* **STUDY MATERIAL**:
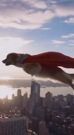 Prompt: @rocket is a superpowered superhero dog, flying through the sky and saving new york city
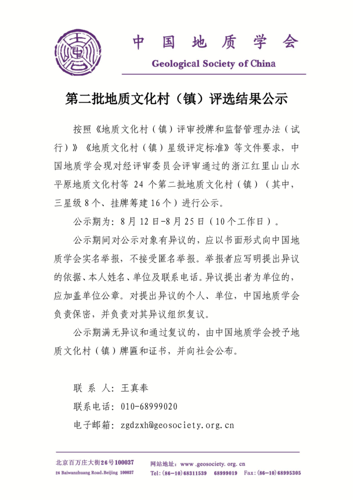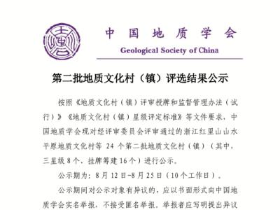 第二批地质文化村(镇)(挂牌筹建)(16个,我会入选1个);
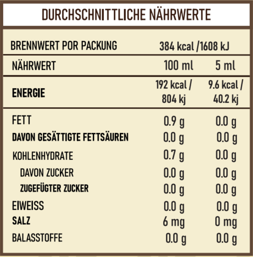 Beschreibung: Charakteristischer Geschmack natürlicher mexikanischer Vanilleschoten und starke, süße, cremige, holzige Aromen und leichte Röstnoten. Mit einem delikaten, blumigen Bouquet am Ende.
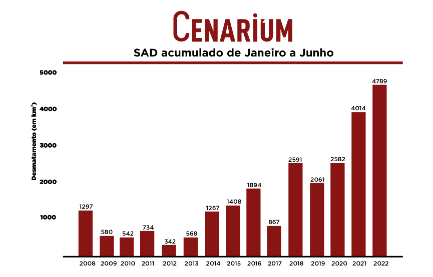 Junho, sozinho, também foi devastador. O desmatamento avançou sobre 1.429 km² apenas no mês passado; área semelhante à grande São Paulo. Com esse alcance, a exploração de recursos da floresta aumentou 54% em comparação a junho de 2021.
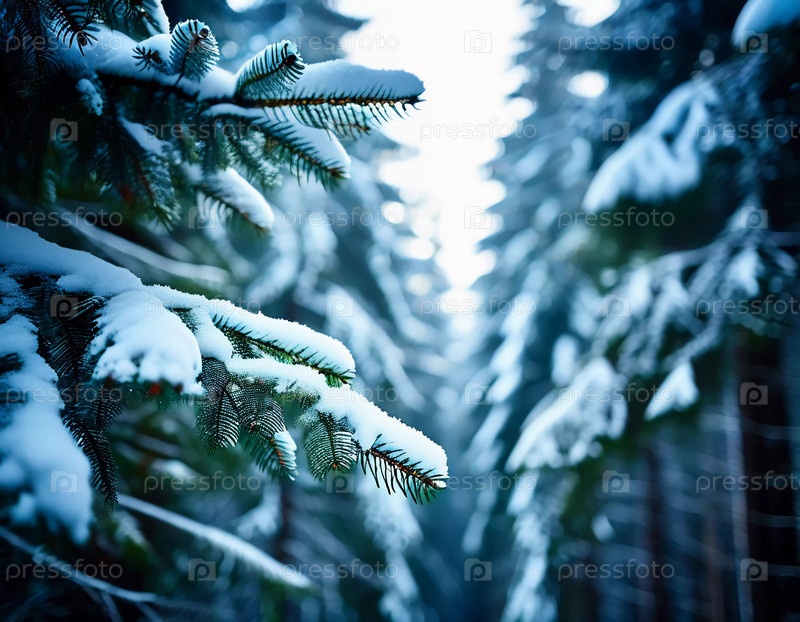 Безмятежный еловый лес, покрытый зимним снегом, демонстрирующий покрытые инеем деревья и мягкий снегопад, создающий спокойную атмосферу в мирной лесной обстановке. Генеративный ИИ
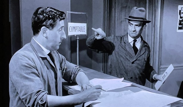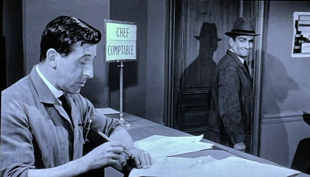 On retourne dans l’usine et on rencontre de Funès pour la première fois. Il est responsable de l’usine, et il y a un moment vraiment drôle avec Jean Lefebvre comme comptable. Il fait une erreur de calcul, et il est rétrogradé. Regarde le panneau :
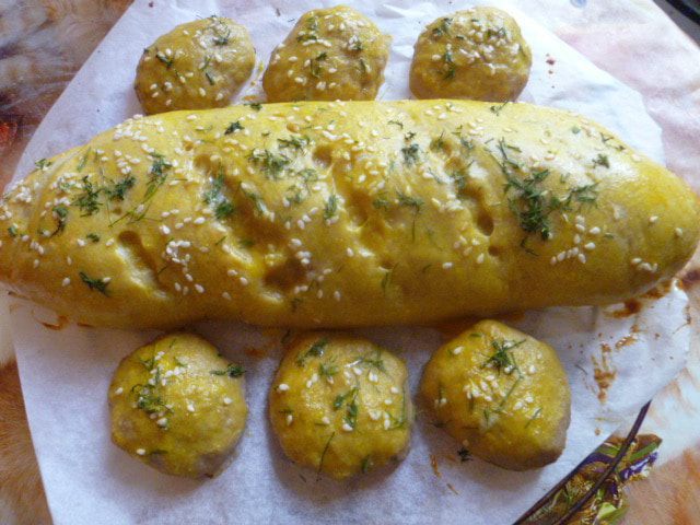 У меня осталось немного фарша на котлетки. Их я тоже смазала и посыпала.
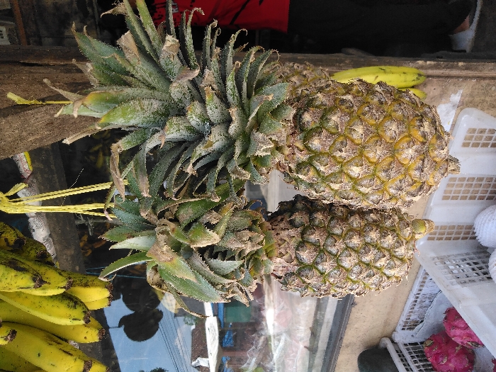 This image captures a detail view of a fruit stall located in Ban Lao Ta, Laos. In the foreground, two ripe pineapples hang vertically from distinct strands of yellow string, which are secured to a sturdy, light-brown wooden post or beam on the right side of the frame. Each pineapple exhibits a greenish-yellow body with distinct segmented skin patterns and is topped with a spiky, deep green crown. Above the pineapples, a cluster of yellow bananas hangs. Below the hanging fruits, multiple white plastic crates are visible, containing other produce. The leftmost crate holds several bright pink dragon fruits and a dark green, oval-shaped fruit. Another crate contains several round fruits individually wrapped in white protective mesh. The background features a large glass panel, reflecting blurred outdoor elements such as what appears to be part of a building and sky. On the far right, partially obscured by the wooden beam, a person wearing a red shirt and dark trousers is visible.
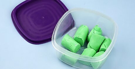Discard the play dough when it starts to turn dry. This type of play dough will not last very long. You can try to make it last longer by keeping it in an air-tight container, but it will still begin to dry out after a few days.
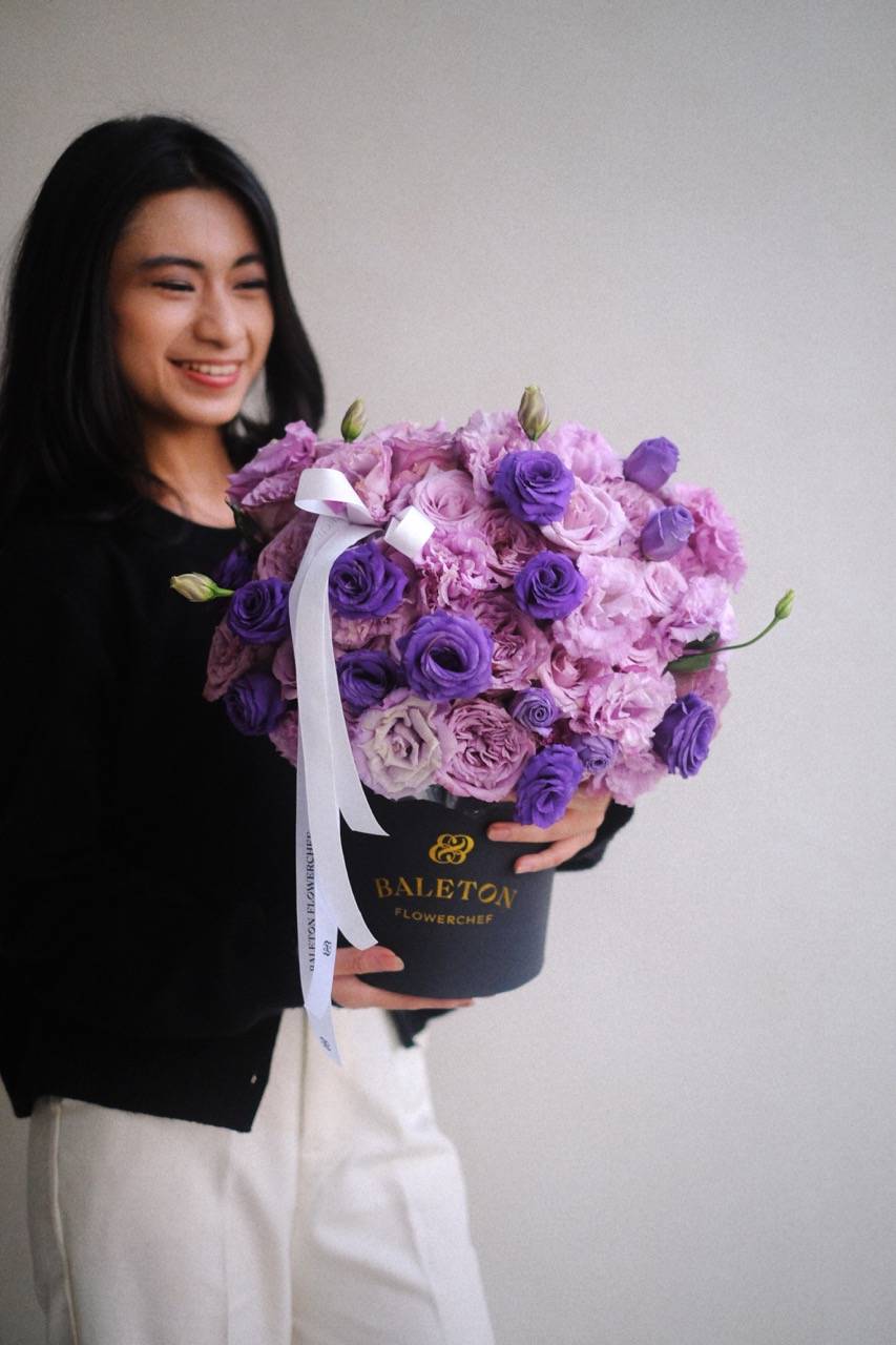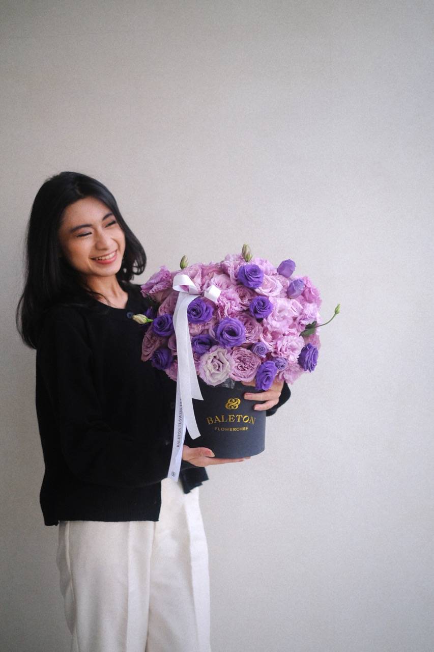 Round purple petals i n gentle harmony. Wrapped i n purple to honor bonds built o n loyalty, quiet support, and being there without needing to b e asked.
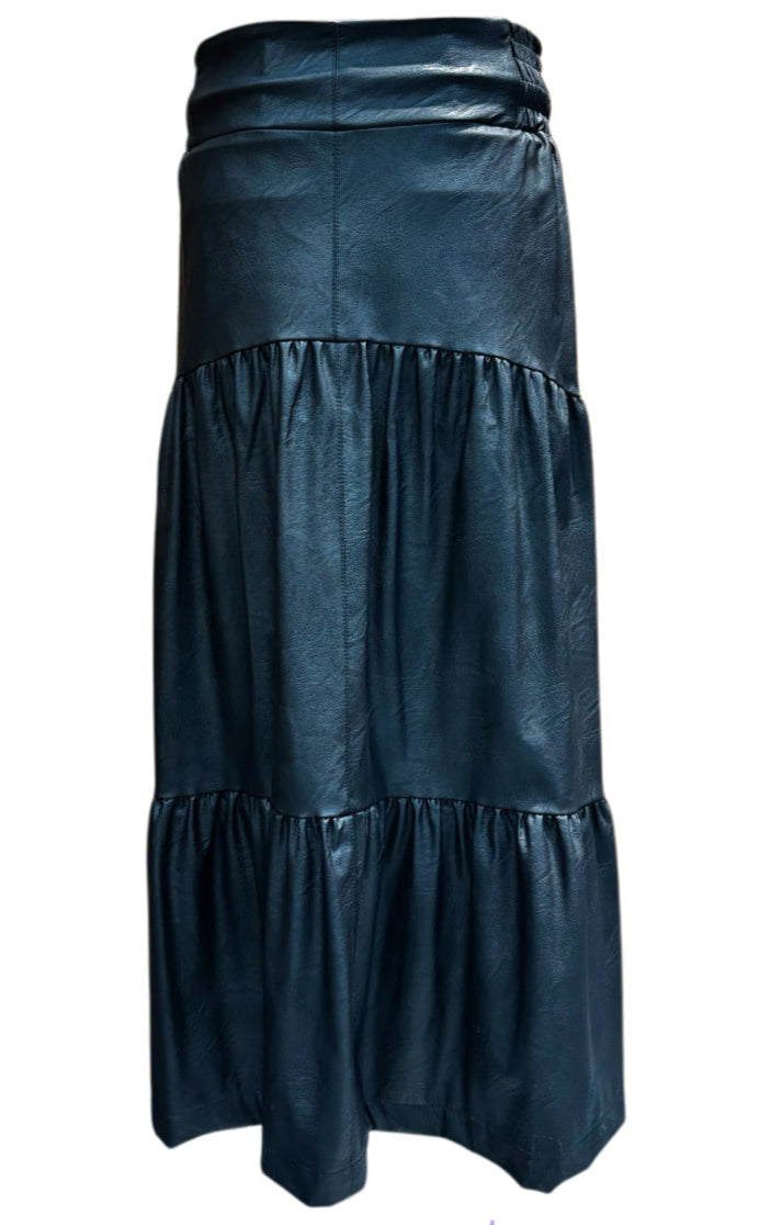 NO-NA' gonna lunga con elastico in vita, modello ampio e alto in vita. Realizzata con un tessuto in eco pelle con cuciture a fascia larga e leggeri drappeggi
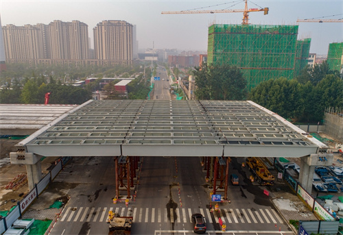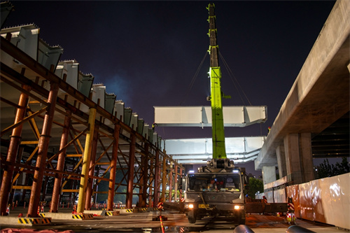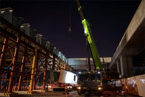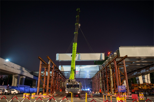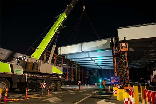 奮戰(zhàn)兩個晚上完成路口鋼箱梁吊裝為市民提供最大便捷——集團(tuán)寶通街快速路東方路、金馬路路口鋼箱梁吊裝完成
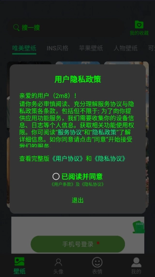 1、用户先在安装,查看相关用户隐私政策。
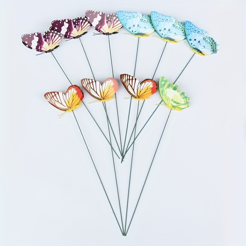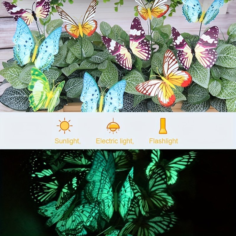 10Pcs Colorful Luminous Butterfly Stakes, 3D Artificial Butterfly Decor, Garden & Patio Decor, Random Pattern
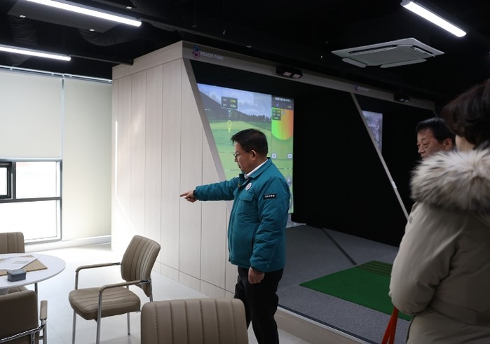 시설 내부에는 스크린 파크골프장을 갖춘 체육시설 공간과 커피·차를 즐길 수 있는 카페형 공간, 바둑·장기·보드게임 등을 할 수 있는 놀이공간 등이 마련돼 있다.
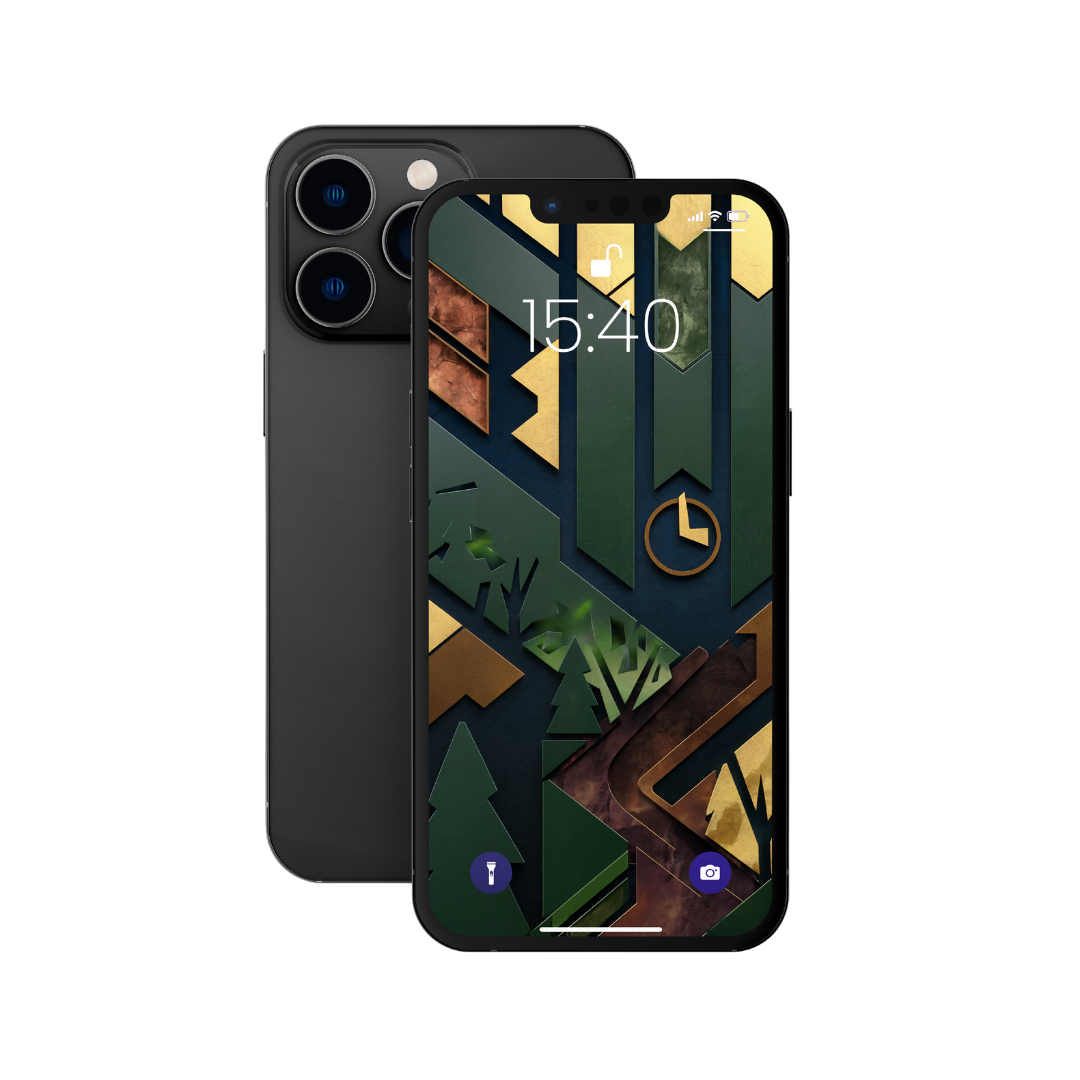 Embrace the mystique of the Black Forest with this geometric-inspired phone wallpaper. Featuring rich green tones, golden accents, and abstract forest elements, this design blends nature with modern artistry.

* **PROBLEM DETAILS**: In the material above, the stretch from the line with "Безмятежный еловый лес, покрытый" through the line with "У меня осталось" is to be given again exactly, minus the pictures.

* **SOLUTION TO THIS EXERCISE**:
 Безмятежный еловый лес, покрытый зимним снегом, демонстрирующий покрытые инеем деревья и мягкий снегопад, создающий спокойную атмосферу в мирной лесной обстановке. Генеративный ИИ
 On retourne dans l’usine et on rencontre de Funès pour la première fois. Il est responsable de l’usine, et il y a un moment vraiment drôle avec Jean Lefebvre comme comptable. Il fait une erreur de calcul, et il est rétrogradé. Regarde le panneau :
 У меня осталось немного фарша на котлетки. Их я тоже смазала и посыпала.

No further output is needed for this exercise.